Most approaches for characterizing climate feedbacks rely on the linearity assumption (i.e. constant sensitivities), and principally study the sensitivity of one variable with respect to another, and are based on approximations that are not always valid Aires et al. (2003).

We have developed a new approach to estimate from observation or model output climate sensitivities that are localized in time and space; it is non linear (depending on the situation), and multivariate. This approach uses a neural network model that analyzes relationships between the variables of the climate system. We have illustrated the relevance of these concepts on the Lorenz theoretical circulation model Aires et al. (2003a, 2003b). Instantaneous and nonlinear inter-dependance among the variables of the system are inferred from the neural (non linear) model. Practically, the sensitivities are estimated by the adjoint model of the neural network. A feature of this approach is that it can be used to compare in a coherent way climate sensitivities from both observation and model output. This new methodology is being used to study the Tropics in the GISS climate numerical model and in a dataset of observations.

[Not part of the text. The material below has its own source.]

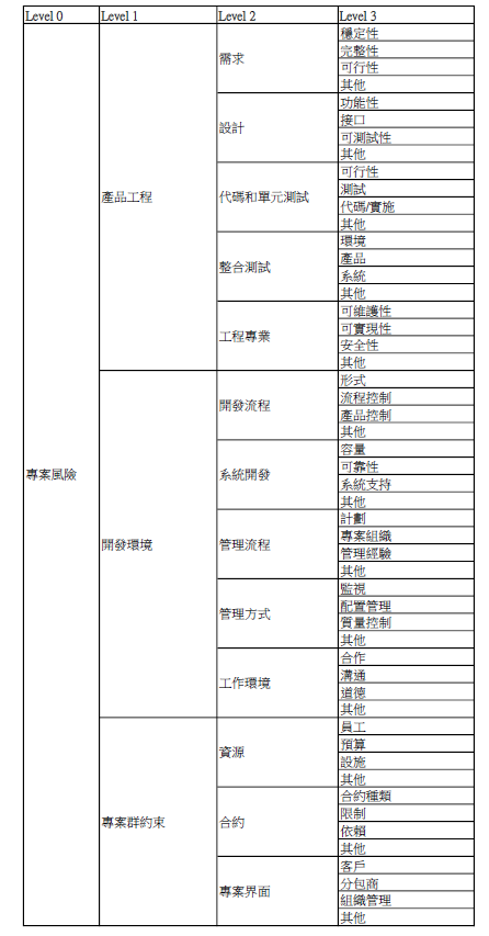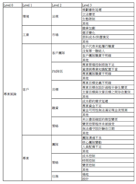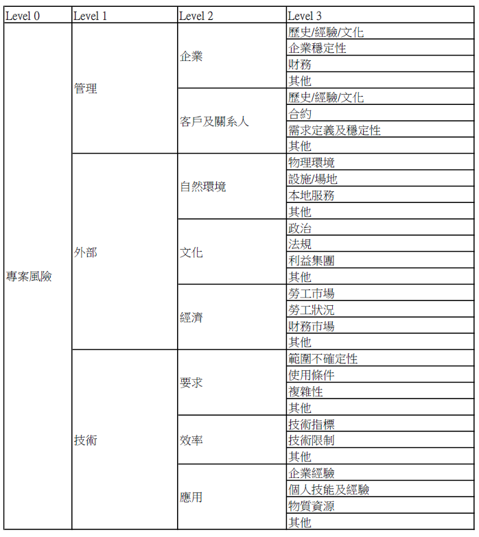 接下來,我整理了 David Hillson 在報告中提出的一些 RBS 範例。各位專案管理者可以將這些範例視為起步的「種子」,以此為基礎進行剪裁與客製化,發展出最適合你們團隊的風險分解結構。

## Classification and Clustering by Analysis of Symbolic Data

Most sciences, and particularly climatology and atmospheric research, are confronted to the problem of analysing larger and larger databases. Classical tools and methods to extract information from such large datasets become less efficient or do not support at all the size of the data. To solve this problem, a new mathematical theory for Data Analysis is rising: the "Symbolic Data Analysis" (SDA). A data is said to be symbolic when it contains a non numerical value. The goal of SDA is to extend "classical" statistical methods and data analysis algorithms to new data that condense information while keeping internal variations. For instance, instead of having a single numerical value in each cell of a database, we may have a symbolic data that can be an interval, a set of (weighted or not) nominal values, an histogram, a function, a density, etc... Recently, SDA has been applied for the first time in Atmospheric research Vrac (2002).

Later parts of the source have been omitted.